# Magic Vs Audi R8



## *MAGIC* (Feb 22, 2007)

Hi Guys

Thought i would share todays job with you all.
I have been so busy lately with really nice cars but i have been looking forward to this one for over a month now.

The owner contacted me some time ago to inform me that he was purchasing a new R8 and wished for me to go to his home and lay some protection down on it.

So a nice drive down the embankment today saw me in central London faced with this awesome machine.

I arrived at the location to see the 3 day old R8 ready for some Magic:










I proceeded with my usual wash technique using my own shampoo:



















I then dried the car using my new Duragloss drying towel:










The car was then clayed using the Zaino clay that i am loving at the moment 

So on with the protection this bad boy got 3 coats of ZFXed Z2 topped with cs and a wipedown using Z8 leaving it looking like this:































































































































Ill appologise for some of the pics now as i was in a underground car park.

Thanks for looking i hope you enjoyed :thumb:

Robbie


----------



## Detail My Ride (Apr 19, 2006)

Nice work there mate, looks spot on :thumb:


----------



## Dan Carter (Jun 21, 2008)

Great work as usual, am I the only person that does not like these?


----------



## chris l (Mar 5, 2007)

very very nice car.nice work:thumb:


----------



## Big Bru (Apr 27, 2008)

Top work, love the car!


----------



## carsey (Jun 27, 2008)

Very very nice car. As usual, great work.


----------



## Serious (Mar 19, 2008)

Dan Carter said:


> Great work as usual, am I the only person that does not like these?


Yep.

Its in my 10 car garage.

Great work.


----------



## drive 'n' shine (Apr 22, 2006)

Better hope MI6 don't monitor DW Robbie, they'll be round your house with an orange jumpsuit and a ticket to Cuba :lol:


----------



## ahaydock (Jan 4, 2007)

Simply stunning mate :thumb:

How do you find the Duragloss towel - I am torn between it and the CG Miracle Dryer?


----------



## Sky69 (May 27, 2008)

That is one stunning car! Top work


----------



## *MAGIC* (Feb 22, 2007)

drive 'n' shine said:


> Better hope MI6 don't monitor DW Robbie, they'll be round your house with an orange jumpsuit and a ticket to Cuba :lol:


:doublesho :lol:


----------



## *MAGIC* (Feb 22, 2007)

ahaydock said:


> Simply stunning mate :thumb:
> 
> How do you find the Duragloss towel - I am torn between it and the CG Miracle Dryer?
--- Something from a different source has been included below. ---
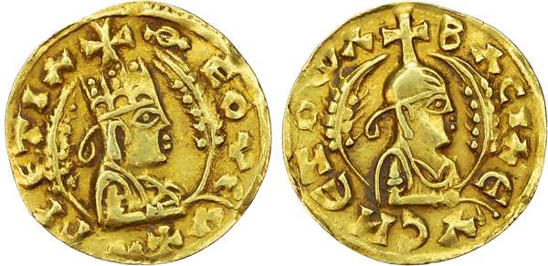 +QEOVC EVXLPICTIL, crowned and draped bust right, holding branch, framed by grain ears. Rev: +BACIL-EVC NEZOwL, draped bust right, wearing headcloth, holding branch, framed by two grain ears. (M-Hay Type 82; cf. BMC Aksum 401). Extremely Fine. Extremely Rare.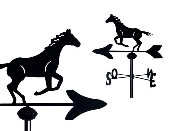Banderuola segnavento a forma di cavallo in ferro battuto, realizzata a mano in Italia. Completa di freccia e punti cardinali, è un oggetto d'arredo da esterni perfetto per decorare la tua casa o il tuo giardino.

Ok so far but its the first time i have used it so will keep you informed :thumb:


----------



## rfmatt (Aug 9, 2008)

Lovely work!


----------



## Craigo (Sep 16, 2006)

nice job mate, am i reading that mileage right, over 1k already? or is it the first figure of 109... ?


----------



## *MAGIC* (Feb 22, 2007)

Craigo said:


> nice job mate, am i reading that mileage right, over 1k already? or is it the first figure of 109... ?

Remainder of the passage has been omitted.